Wrapped for shipping

This is the story of a painting. It's a little like a puzzle, more like an itch. I've been lugging the piece around for ten years, from one studio and four homes, adding and subtracting, covering and uncovering parts. First just eyes painted on a thin piece of orange silk, which I later mounted to canvas and stretched across a frame, then more images added over time.

I call it Grace, and it seems to hold some key to who I am, though I'm not sure, and just writing that feels too highfalutin. She's big, heavy and a pain to carry. 6'6" tall x 4'3" wide, a nice wrap for a tall woman like me. (I tend to anthropomorphize art and trees. That's annoying to some friends, viewers and readers, but I can't help it). 

I've cut off the strapping tape and packing paper that protected it on my last two journeys to and from the West Coast. I'm staring at her now in my Vermont bedroom. She survived well.

I'm somewhat embarrassed by what I see, but I can't help that either. 

My left logical brain says the grid of blank, staring eyes is overdone. 

And that glistening teardrop from the central eye is just plain cheesy, but I cannot remove it. I've planned to, but my hand refuses to make the mark to cover it up. My heart says this story speaks the truth. So what truth? 

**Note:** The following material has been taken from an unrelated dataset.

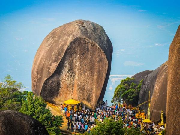 奇查谷山山頂懸崖邊矗立著一塊巨大的山石,旁邊還有一個寬1米長的2米佛足印,使得奇查谷山更添了一層神秘的面紗。
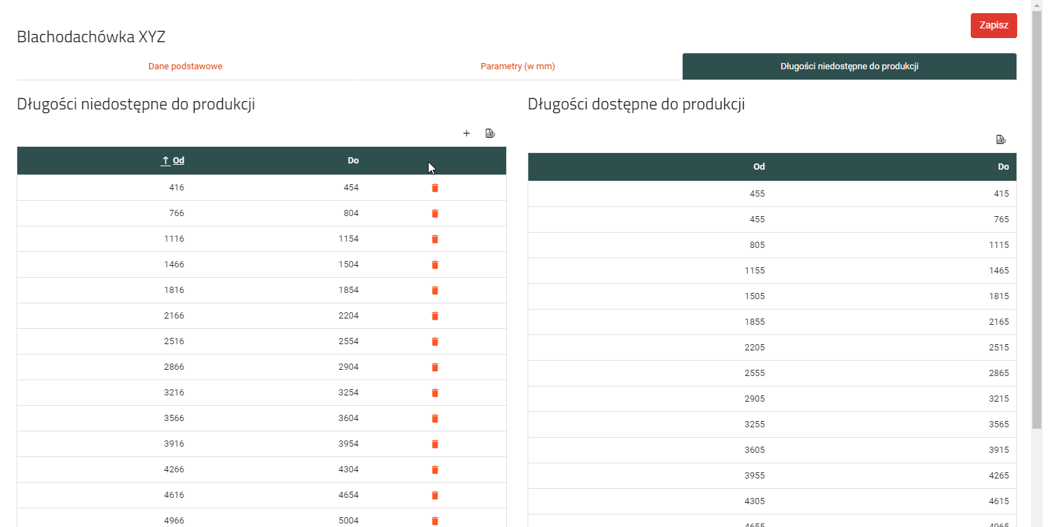 - Minimum length - minimum length of the panel (in mm), specifies the minimum length of the sheet. For metal roofing sheets it should result from the formula: (minimum_number_of_modules*length_of_module)+length_of_laps (bottom and top)

At the risk of narrowing your experience of the painting, I will translate.
I am the little eye both sad and full of life, surrounded by ancestors I think, or protectors, connected by pale, thorny rose branches. They are the source of the tiny cascading roses descending in a flow of syrupy grace. For me, I, the little Eye, am resting against a background of living flesh, 
still part of the world of regeneration. The others are from the past, washed out but still influential. My touch of sadness is just the knowledge of death. 

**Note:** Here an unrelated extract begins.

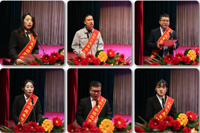 围绕2024年奋斗目标,聚焦创新创效,来自突出贡献单位及生产管理、市场销售等一线岗位的6位优秀代表分别作表态发言,表达了他们立足岗位、奋勇争先的坚定信念以及为企业稳健高质量发展而创新实干的青春理想,充分展现了广大干部员工忠诚担当的责任意识和奋发向上的豪迈情怀。

So there it is. My parable of myself, like an open wound for all to see. But good too–a wellspring. I like the way I painted it–the bright, complex colors, the layers and depths. 

Of course I will still pick at her with a few painterly clarifications to the story, but the end is near as it has been for years. The roses need brightening up. They are joyful gifts of Grace after all. The big eyes could use a bit more arch to some of the blankest lids. I was going to try a thin coat of translucent paint or ground to mute their insistency. I might experiment carefully with that. Or maybe just stop and let it be.